The main part of the session involved a circus of three different activities designed to show the students some of what is involved within the health profession. 

  • Airway management – if first aid is required in a situation, it is important to know what to do in any situation.  This workshop showed the students how to select and use the correct tools for keeping an unconscious patients’ airway open in a medical emergency.
  • Surgical gowning and gloving – the last thing surgeons/other professionals in an operating theatre need is to transfer any microbes from themselves to the patient.  This gave the students an insight into the specific way that medical professionals put on their protective gowns/gloves before performing surgery on a patient.

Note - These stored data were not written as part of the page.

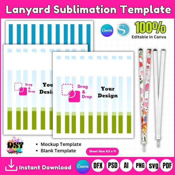 Lanyard Sublimation Template Lanyard SVG Canva Template for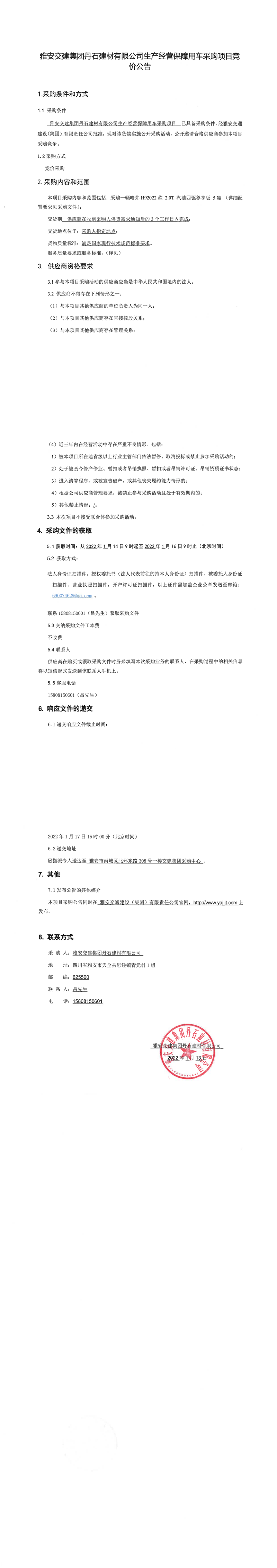 雅安交建集團(tuán)丹石建材有限公司生產(chǎn)經(jīng)營(yíng)保障用車(chē)采購(gòu)項(xiàng)目競(jìng)價(jià)公告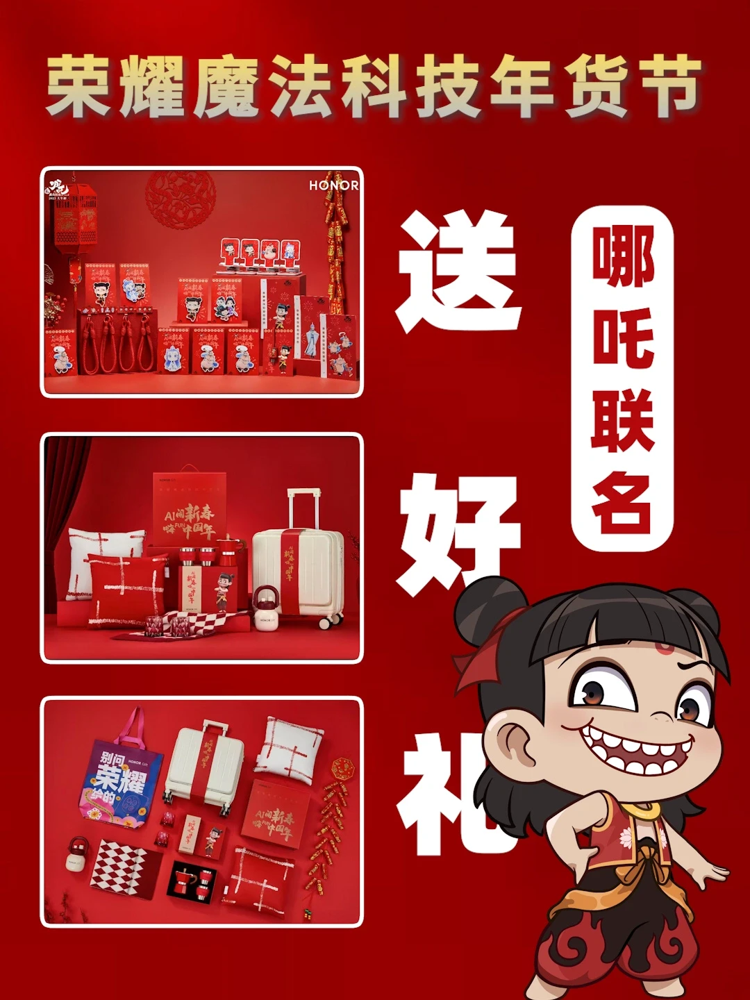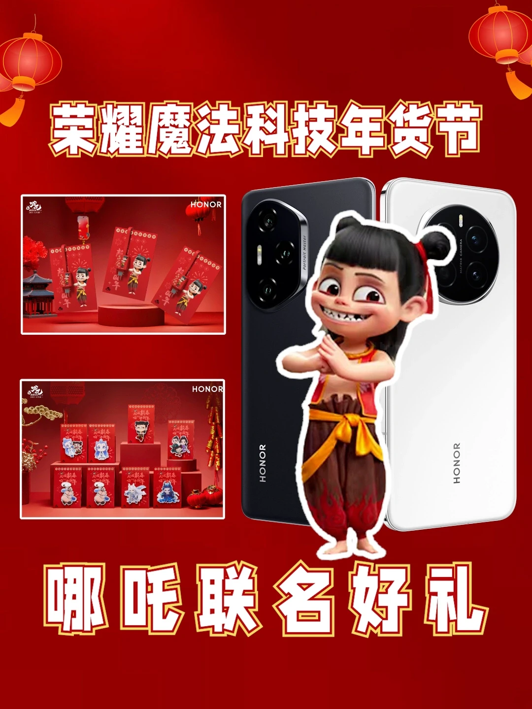 这次荣耀年货节➕哪吒 IP 联名了,线下买手机,不仅能享受国补和年货节的优惠,还能拿到联名的礼物,真的太值了❗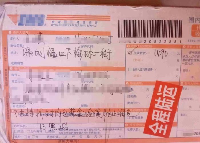 不過(guò)有消費(fèi)者反映,很多代收貨款快遞并不支持先驗(yàn)貨再簽收。記者在黑貓投訴上也發(fā)現(xiàn)部分快遞單標(biāo)注“不支持拆封內(nèi)包裝盒驗(yàn)貨防止掉包”。而這也在客觀上讓出現(xiàn)“代收貨款與貨物價(jià)格不符”的情況,成為可能。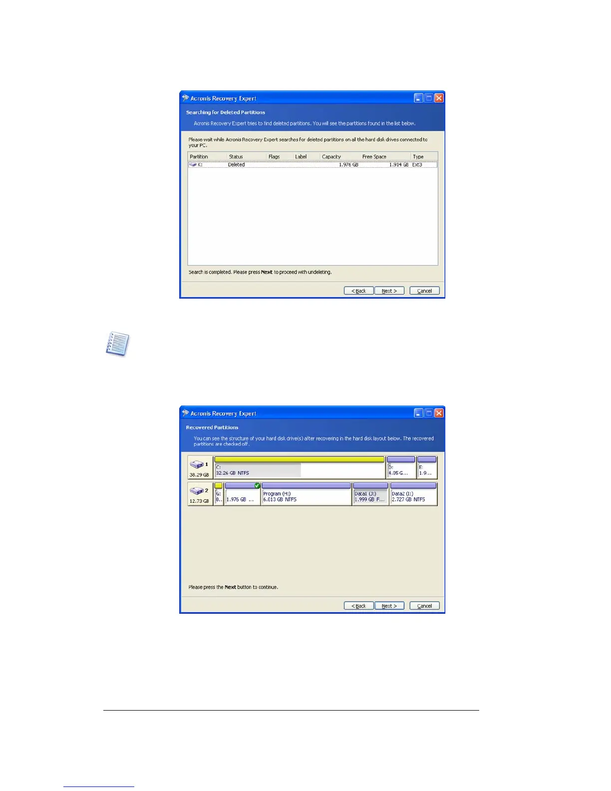 Note that you do not have to select partitions for recovery in the automatic mode. Acronis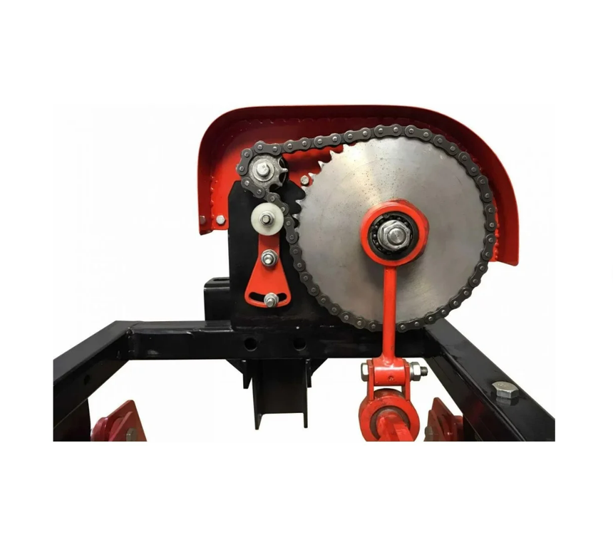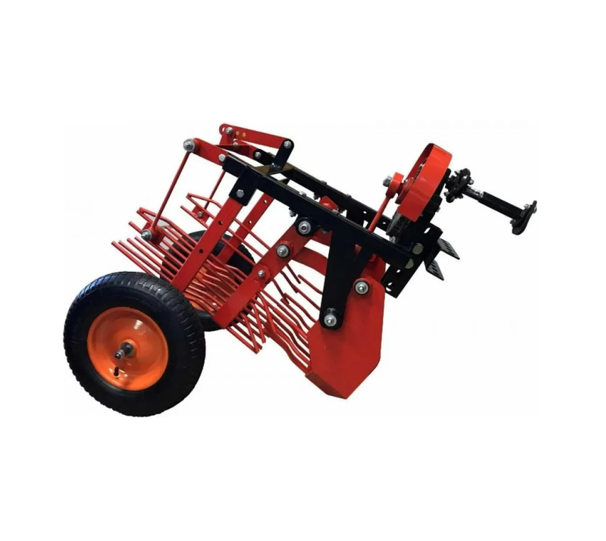 Картофелекопалка вибрационная предназначена для механизированного выкапывания клубней картофеля из земли, укладывания на поверхность для дальнейшего ручного собирания. Кроме этого, механизм можно использовать для собирания лука, свеклы, чеснока. Машина рассчитана на уборку картофеля при ширине междурядий 60-70 см. Для увеличения сцепного веса необходимо навесить спереди на штангу мотоблока груз не менее 50 кг. Привод осуществляется через телескопический кардан с мягкими резиновыми муфтами. При такой конструкции допускаются перекосы мотоблока относительно копалки. Звезды и цепь установлены на раму картофелевыкапывателя, что сделало невозможным какие-либо перекосы и как следствие, слетание цепи во время ее эксплуатации.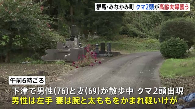 警察などによりますと、午前6時ごろ、みなかみ町下津で76歳の男性と69歳の妻が散歩をしていたところ、クマ2頭が現れ、男性は左手を、妻は腕と太ももをかまれ、軽いけがをしました。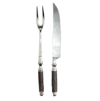 - Jogo de faca e garfo trinchante para servir em aço inox com cabo em madeira 2 peças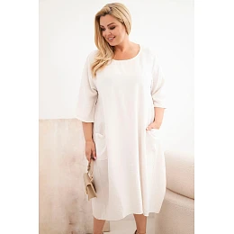 Dámske plus veľkosť viskózové šaty s vreckami a krátkymi rukávmi béžová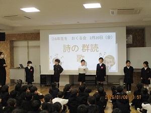 また、6年生を送る会で行う季節の詩の群読を行いました。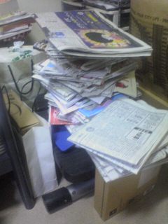 リテラル・サイ・トレーナーの上に、うず高く積み上がった新聞、雑誌類。地震がきたら、即、床になだれるが如くだった。この表現は、前回の様子である。
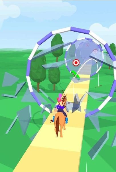 2、是一款以骑马射箭为主题的竞技游戏,你和对手都骑着马同时向终点冲刺;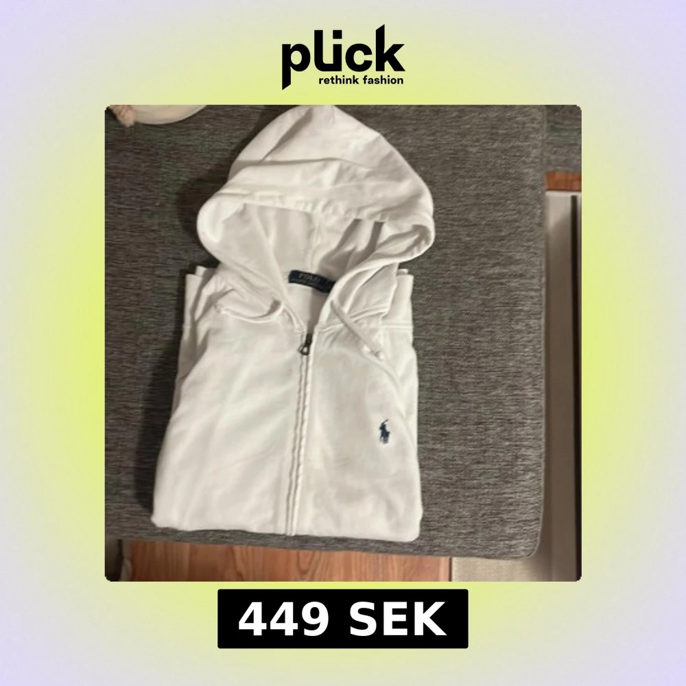 Säljer en stilren vit hoodie från Ralph Lauren med dragkedja. Tröjan är använd ett få antal gånger och är nästan som ny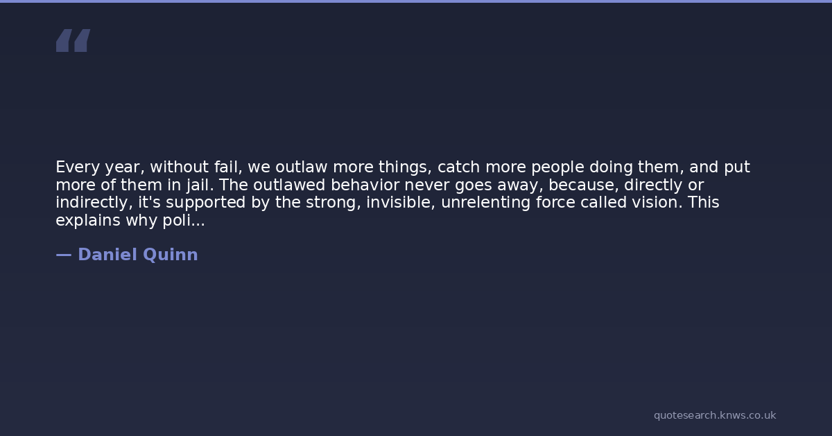 Every year, without fail, we outlaw more things, catch more people doing them, and put more of them in jail. The outlawed behavior never goes away, because, directly or indirectly, it's supported by the strong, invisible, unrelenting force called vision. This explains why police officers are much more likely to take up crime than criminals are to take up law enforcement. It's called 'going with the flow.

  • Laparoscopic training – how do newly qualified surgeons know how to perform key-hole surgery?  They practice using a laparoscopic training simulator – our students learnt how to do this by complete up to three tasks.  Moving coffee beans into a beaker was the first task.  This may sound easy, but also having a steady enough hand to control the equipment and considering the fact that it moves in the opposite direction to what you think and to have your friend controlling the camera (and giving sometimes not-so-helpful advice) makes this a very challenging task.  The other tasks were even more difficult – stacking sugar cubes on each other and threading a shoe lace through a polo mint.  Considering that surgeons can thread a needle, make stitches and avoid damaging other parts, using this equipment, while it is inside a patient, really does go to show how amazingly skilled these professions are.

During both of the two sessions, there was a positive buzz, the students clearly enjoyed themselves and hopefully a few career questions were answered.